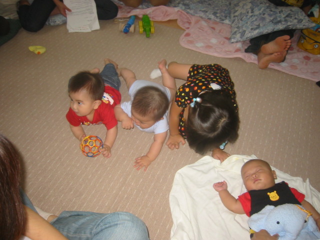 ベビーマッサージのお話をはじめると、いつもは、おもちゃなどで活発に遊んでいるのに、今日はなんだか様子が違うぞ~と、ママの側から離れなかった子どもたちも、10分も過ぎると、お部屋の外で遊びたい子、泣き出す子など、様々に活動!!
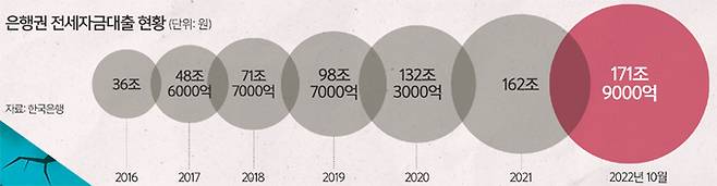 부동산 업계에서는 “2016년부터 전세자금대출이 활성화돼 ‘전세의 판도’가 바뀌었다”는 얘기가 나온다. 정부는 2015년 전세자금대출 한도를 5억원까지 증액했는데, 전세 수요가 커지고 전셋값이 오르면서 갭투자가 속출했다는 것이다. 실제로 한국은행에 따르면 은행권 전세대출 잔액은 2016년 36조원에서 2017년 48조6000억원으로 오르고 지난해 10월 기준 171조9000억원까지 폭증했다.
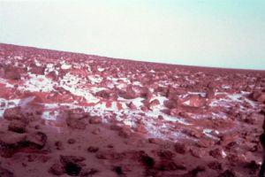 Специалисты NASA опубликовали снимок, выполненный при помощи камеры аппарате MRO, установленной на Марсе. На фото изображены скалы, покрытые льдом, однако он находится только на южных склонах, предполагается, что в северной части лёд уже растаял.
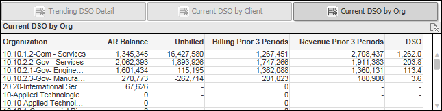 The Current DSO by Org table displays, by organization, current AR balance, current unbilled balance, total billing amount for the prior three periods, total revenue for the prior three periods, and the DSO value.
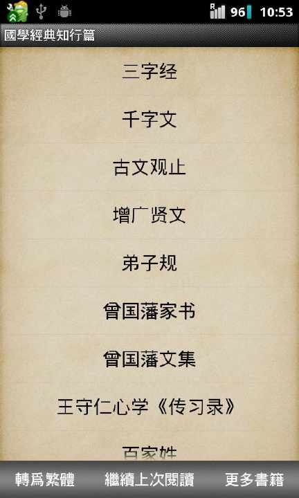 知行篇收录了:三字经,千字文,古文观止,增广贤文,弟子规,曾国藩家书,曾国藩文集,王守仁心学《传习录》,百家姓10本久经时间考验的国学经典著作。是目前网络上能找到的最完美的版本。因为内容太多的原因,包体比较大,下载需要些时间,请耐心等待,我们保证,分秒的等待都是值得的。
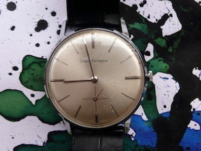 Het is een 34 mm dresswatch, handopwinder, uit +/- 1965. Na een paar dagen went dat wel! Het is een GP caliber 20, een gemodificeerde Peseux 330. Een behoorlijk plat caliber, 3.1 mm, tikgetal van 18.000.
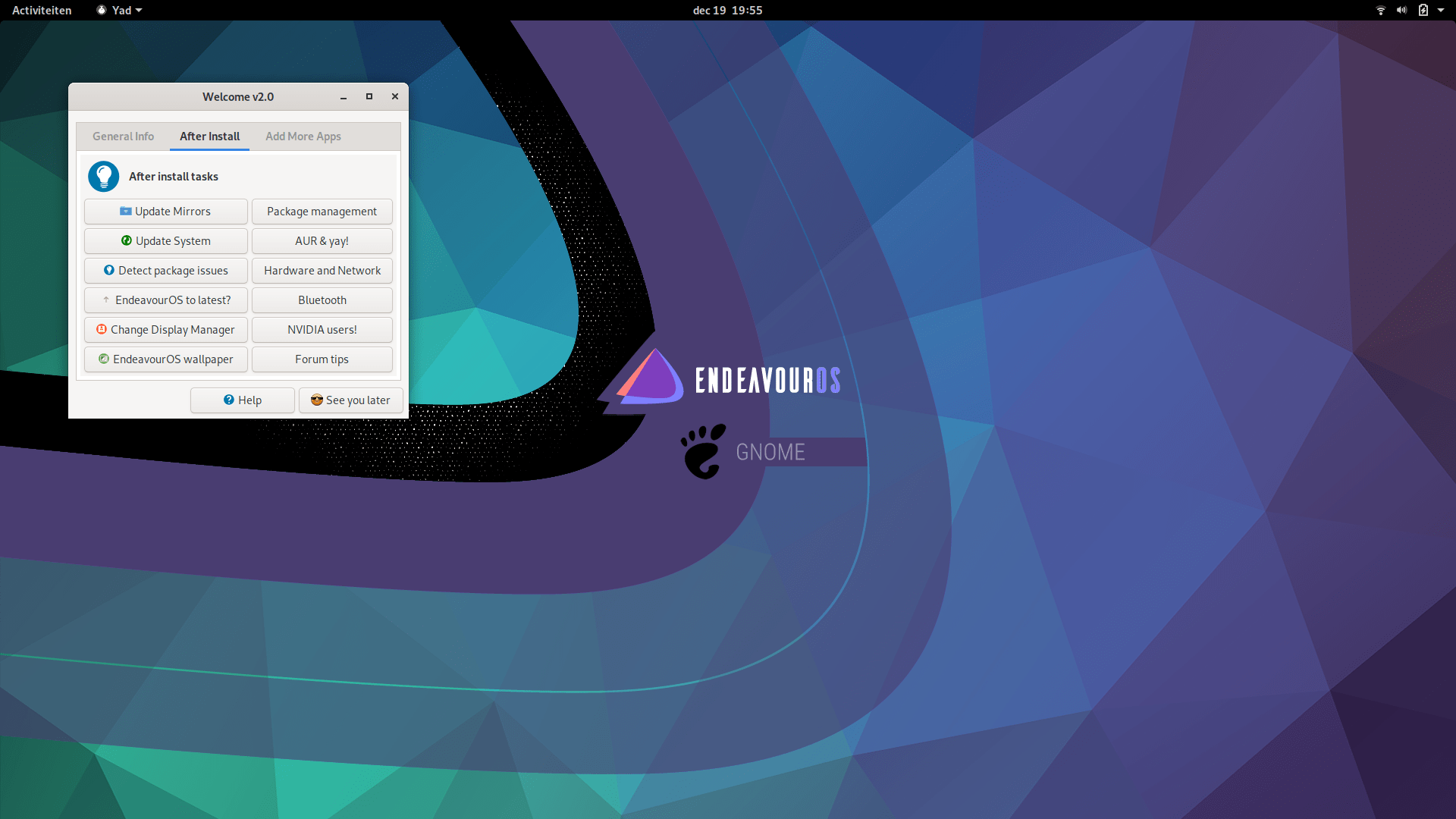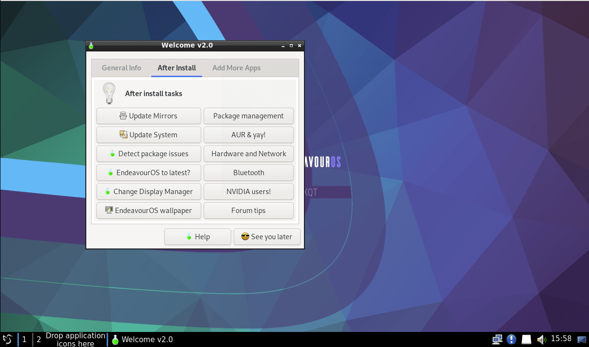 No matter which Desktop Environment you choose, EndeavourOS ships with some preinstalled packages and apps you already know from our current installer and some of those are: Grub, the mainstream Linux-kernel, Nano, broadcom-dkms, intel-ucode/amd-ucode, Nvidia-installer, arc-x-icons-theme, eos-welcome, eos-update-notifier, reflector-auto, Yay and Firefox.
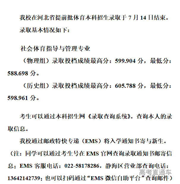 天津中医药大学2022河北省提前批体育本科招生录取结束
━━━━━━━━━━━━━━━━━━━━
> DIRECTIONS FOR THIS TASK: Word for word, retype all of the data above, but include no pictures.

> WRITTEN REPLY:
 ベビーマッサージのお話をはじめると、いつもは、おもちゃなどで活発に遊んでいるのに、今日はなんだか様子が違うぞ~と、ママの側から離れなかった子どもたちも、10分も過ぎると、お部屋の外で遊びたい子、泣き出す子など、様々に活動!!
 부동산 업계에서는 “2016년부터 전세자금대출이 활성화돼 ‘전세의 판도’가 바뀌었다”는 얘기가 나온다. 정부는 2015년 전세자금대출 한도를 5억원까지 증액했는데, 전세 수요가 커지고 전셋값이 오르면서 갭투자가 속출했다는 것이다. 실제로 한국은행에 따르면 은행권 전세대출 잔액은 2016년 36조원에서 2017년 48조6000억원으로 오르고 지난해 10월 기준 171조9000억원까지 폭증했다.
 Специалисты NASA опубликовали снимок, выполненный при помощи камеры аппарате MRO, установленной на Марсе. На фото изображены скалы, покрытые льдом, однако он находится только на южных склонах, предполагается, что в северной части лёд уже растаял.
 The Current DSO by Org table displays, by organization, current AR balance, current unbilled balance, total billing amount for the prior three periods, total revenue for the prior three periods, and the DSO value.
 知行篇收录了:三字经,千字文,古文观止,增广贤文,弟子规,曾国藩家书,曾国藩文集,王守仁心学《传习录》,百家姓10本久经时间考验的国学经典著作。是目前网络上能找到的最完美的版本。因为内容太多的原因,包体比较大,下载需要些时间,请耐心等待,我们保证,分秒的等待都是值得的。
 Het is een 34 mm dresswatch, handopwinder, uit +/- 1965. Na een paar dagen went dat wel! Het is een GP caliber 20, een gemodificeerde Peseux 330. Een behoorlijk plat caliber, 3.1 mm, tikgetal van 18.000.
 No matter which Desktop Environment you choose, EndeavourOS ships with some preinstalled packages and apps you already know from our current installer and some of those are: Grub, the mainstream Linux-kernel, Nano, broadcom-dkms, intel-ucode/amd-ucode, Nvidia-installer, arc-x-icons-theme, eos-welcome, eos-update-notifier, reflector-auto, Yay and Firefox.
 天津中医药大学2022河北省提前批体育本科招生录取结束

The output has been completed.